AgTech is beginning to help farmers produce climate-resilient foods as the industry becomes a part of the solution rather than the problem. But what are the inner dangers it poses?
Over the last couple of months, India announced an export ban on wheat, and the UN warned that Russia's invasion of Ukraine could soon cause a global food crisis that could last for many years. Elsewhere farmers are warning that the world is sleepwalking toward food shortages if we don't start tackling the impacts of the increasing costs of fuel, fertilizer, and climate change.
Despite the big problems in the world, big tech continues its obsession with building a future around Web3, the metaverse, and industry disruption. Ironically, all of this comes at a time of hyperinflation and the beginning of a global recession. As a result, many believe that the tech industry has lost its way and needs to refocus on solving real problems rather than the next big thing.
There is an increasing argument that we need to unite innovative problem solvers and harness our collective intelligence combined with technology to proactively tackle the significant challenges ahead. For example, agriculture technology or AgTech uses technology to improve every aspect of farming techniques and create diverse solutions to rethink food production.
Protecting the supply chain against disruption
Modern agriculture is being blamed for one-third of greenhouse gas emissions, but far away from farming fields, advances in food tech make it possible to make meat out of thin air and fish from plants. However, there is an argument that we are at risk of making the same mistake from our digital past, and we need to proceed with caution rather than moving fast and breaking things again.
The challenge is to prevent the food supply chain from being disrupted and protect it from cyberattackers. As every aspect of our critical infrastructure comes online, it also invites many vulnerabilities that have the potential to be catastrophic without the proper measures in place. For example, the Colonial Pipeline was famously forced the shut down its entire pipeline after being hit by a cyberattack and 24 hours later paid $5 million in ransom. But what happens should these same attacks hit the global supply chain?

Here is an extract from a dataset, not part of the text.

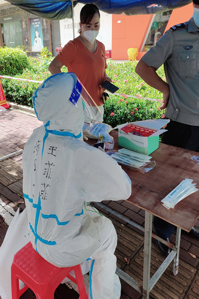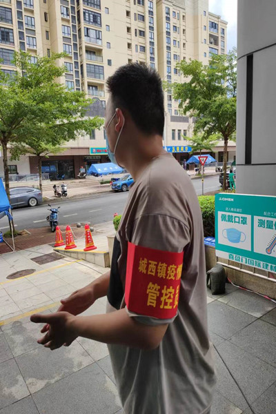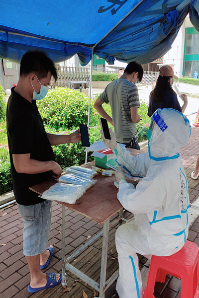胡旭承同学:作为一名青年志愿者,我们要服从安排,努力协助上级完成工作;作为一名退伍军人,我们更要身先士卒,奋勇前行。天微亮我们便出发领取整个检测点一天所需要的物资,搭建帐篷为辛劳的检测医生遮风挡雨,搬运冰块为“大白”们驱赶酷热,为每一位居民答疑解惑、解决问题。我相信如果我们每个人都能贡献出一份力量,那么没有什么难关是我们无法克服的!

The combination of a cyberattack and an unexpected snowstorm in Texas halted the production of Coors beer, with a loss of up to $140 million worth of product. This series of events perfectly highlights the industry's vulnerabilities to the impacts of climate change and cyberattacks. Elsewhere, Meatpacker JBS paid an $11 million ransom in the food industry after a cyberattack disrupted its North American and Australian operations. With our critical infrastructure online, it’s rapidly creating new vulnerabilities and even becoming a prime target for state-sponsored attackers.
Rise of the AgBots
Agbots (agricultural robots) are increasingly used in farming to help improve efficiency and reduce reliance on manual labor. As a result, traditional farming practices such as tilling, planting, fertilizing, monitoring, and harvesting fields are delegated to AI. For example, algorithms rather than humans are beginning to control drip-irrigation systems as self-driving tractors and combine harvesters automatically respond to climate conditions, weather, and the precise needs of the crops.

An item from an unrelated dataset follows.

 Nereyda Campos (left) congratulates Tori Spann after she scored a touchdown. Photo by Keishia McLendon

As the AI revolution in agriculture gathers pace, a recently published risk analysis warns of the substantial potential risks for farms, farmers, and food security that nobody is currently thinking about. Of course, there is no avoiding that accidental failures, data breaches, and cyber-attacks have impacted every industry. Still, the stakes are raised further when a tech outage could impact our food supply.

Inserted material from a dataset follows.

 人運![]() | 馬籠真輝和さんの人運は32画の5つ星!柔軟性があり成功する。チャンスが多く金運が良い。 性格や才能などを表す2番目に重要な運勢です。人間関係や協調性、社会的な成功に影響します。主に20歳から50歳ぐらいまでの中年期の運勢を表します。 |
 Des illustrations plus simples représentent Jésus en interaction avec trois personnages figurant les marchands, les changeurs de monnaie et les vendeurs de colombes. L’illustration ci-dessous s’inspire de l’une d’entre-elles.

The problem with having intelligent automated systems responsible for managing the farming process that is growing food to feed entire cities could create a vulnerability for hackers to exploit. For example, imagine the damage and disruption a cyber-attack could bring to a farm by poisoning datasets or shutting down sprayers, autonomous drones, and robotic harvesters.
The future of food tech
The inconvenient truth is that the ecosystems that help feed the world are broken and unsustainable. Obesity continues to rise, and commercial kitchens and supermarkets waste food every day while many are left hungry or suffering from malnutrition.
Stabilizing food security has become a global priority, and transforming the global food and agriculture system with sustainable innovation powered by emerging technology is already gathering pace. IoT sensors can capture data from every element of farming, and AI will help farmers unlock invaluable data analytics and predictive insights to help farmers make data-driven decisions.
It is also hoped that blockchain will step up to increase transparency across the entire food supply chain and promote a sustainable approach to farming that benefits everyone. But most importantly of all, every aspect of the global food supply chain must be protected from bad actors and ensure that we do not repeat the mistakes from our past when rushing into gene-editing and creating meat out of thin air.
It's a journey that will impact every person on this tiny planet we call home. But ultimately, it will take a combination of humans and technology to deliver a healthier and truly sustainable food economy that serves everyone. But as we explore how we can rethink the industry, we must consider the potential risks early on in the technology design rather than when it's too late.